Something’s Happening in the Smallbiz Lending Market

When lenders retrench, it often means economic turbulence ahead.

By Ami Kassar

Ever since Covid started, and with all of the economic, social, health, and political dominoes that have kept falling since then, I have tried to avoid paying too much attention to economic forecasts and predictions. As you may have noticed, that big recession so many predicted is still not here. Similarly, I will believe that interest rates are going to fall when I see them fall.

The reality is that there is no playbook for our current environment. I am unaware of a time in history when governments around the world printed trillions of dollars to keep people alive and off hunger lines and to keep banks solvent.

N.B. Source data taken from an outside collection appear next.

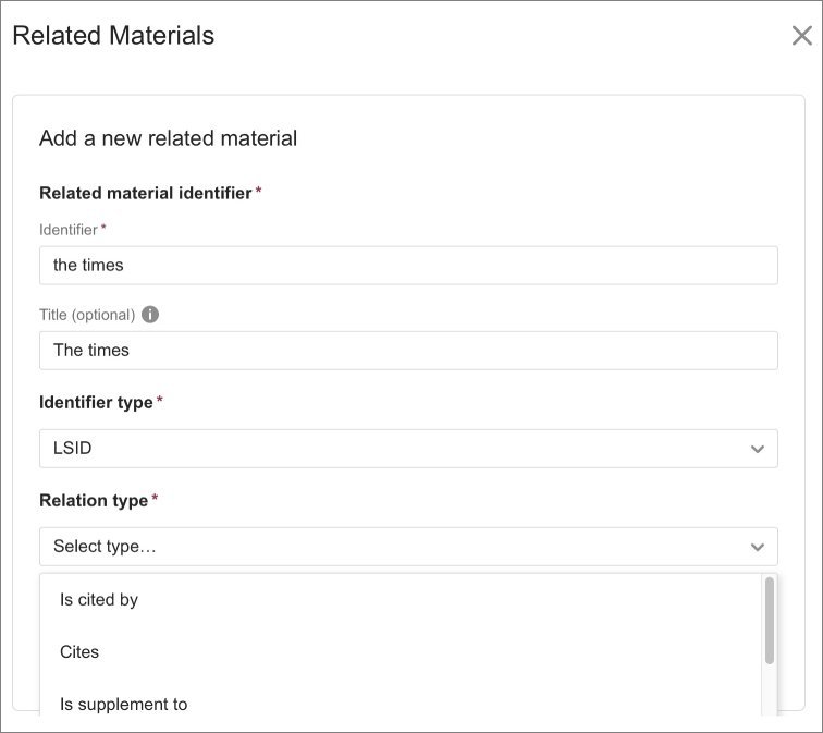 12. Add links to other research objects using Related Materials and provide information on the relation types.
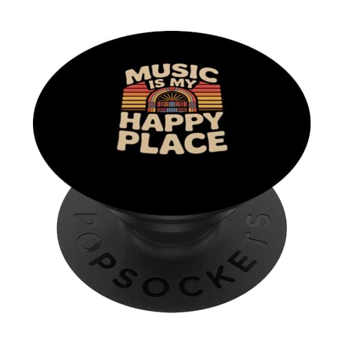 Music is My Happy Place Jukebox drôle rétro PopSockets PopGrip Adhésif
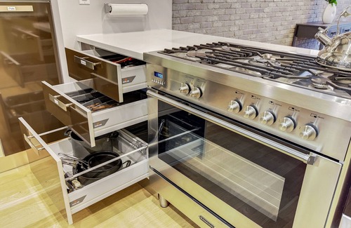 - A fully equipped European style kitchen, with custom Berloni cabinets, quartz countertops, a 5-burner gas range, and a breakfast bar that seats 4.
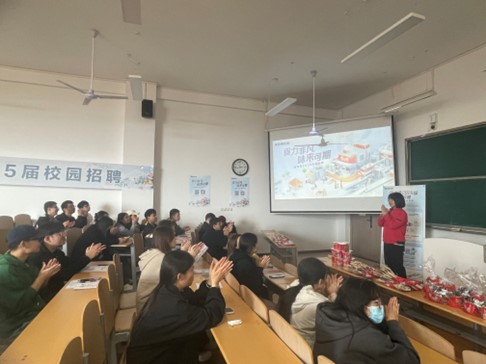 西安顶益食品有限公司人力资源部主管李颜从品牌起源、发展历程、招聘需求、薪酬福利、发展空间等方面介绍了企业概况,通过答题互动、趣味活动等方式进一步增强了宣讲现场的氛围感,加强了毕业生对用人单位的了解。宣讲结束后,毕业生纷纷对岗位应聘方式进行咨询,在官方指定投递渠道进行简历投递。李颜对毕业生关注的求职招聘问题进行现场答疑,气氛热烈融洽。

No one really knows how economies will evolve after such a shock, and everyone is guessing. That said, I have always thought that cracks in the small business lending market can indicate impending economic challenges. Recently, it has been apparent that the market is shifting.

Funding Circle, a U.K.-based small business lender that has been lending in the U.S. for several years, recently announced plans to sell its U.S. division. In 2023, the company lent out $491 million in the U.S. and reported a loss of $29 million from those efforts. Ironically, Funding Circle is one of the lenders that  lobbied the SBA to change its rules to allow it to enter this market. The lobbying was successful but the company is leaving the market anyway. 

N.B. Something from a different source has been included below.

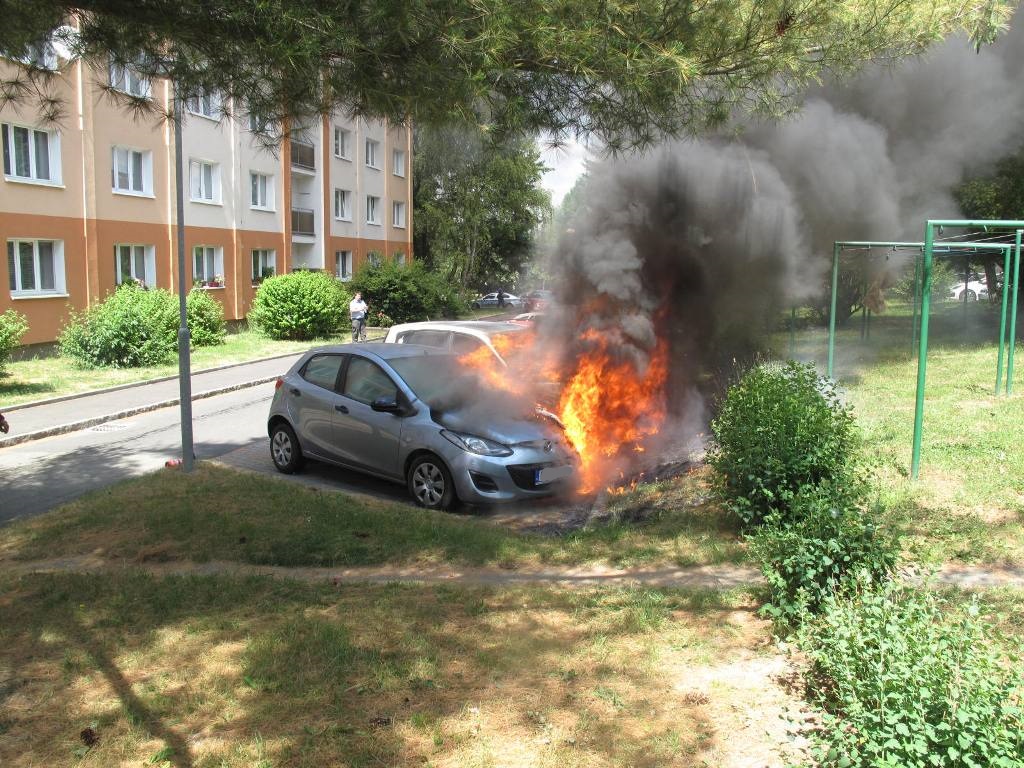 Ve čtvrtek 15. června 2017 v 14:15 hodin vyhlásilo operační středisko poplach hasičům v Plzni na stanici Střed a vyslalo je do Sídliště Doubravka k požáru 3 osobních aut.

And Funding Circle is not alone. Amazon recently announced that it will stop underwriting loans for its $140 billion Marketplace business, shutting off an important source of capital for its third-party sellers. A few months ago, Business Insider published an article noting that Amazon’s economists have growing concerns about rising defaults in their portfolio.

And Fund-Ex Solutions recently shut down its SBA business. In fiscal year 2023, it issued just shy of $145 million in SBA loans. It issued $69 million in SBA loans in the first five months of this fiscal year. Many members of its team have moved to a small community bank in Alabama. At MultiFunding, we recently learned that one of our primary SBA lenders, a community bank in California that we have worked with for more than five years, has tightened up its credit terms. What does this all mean? 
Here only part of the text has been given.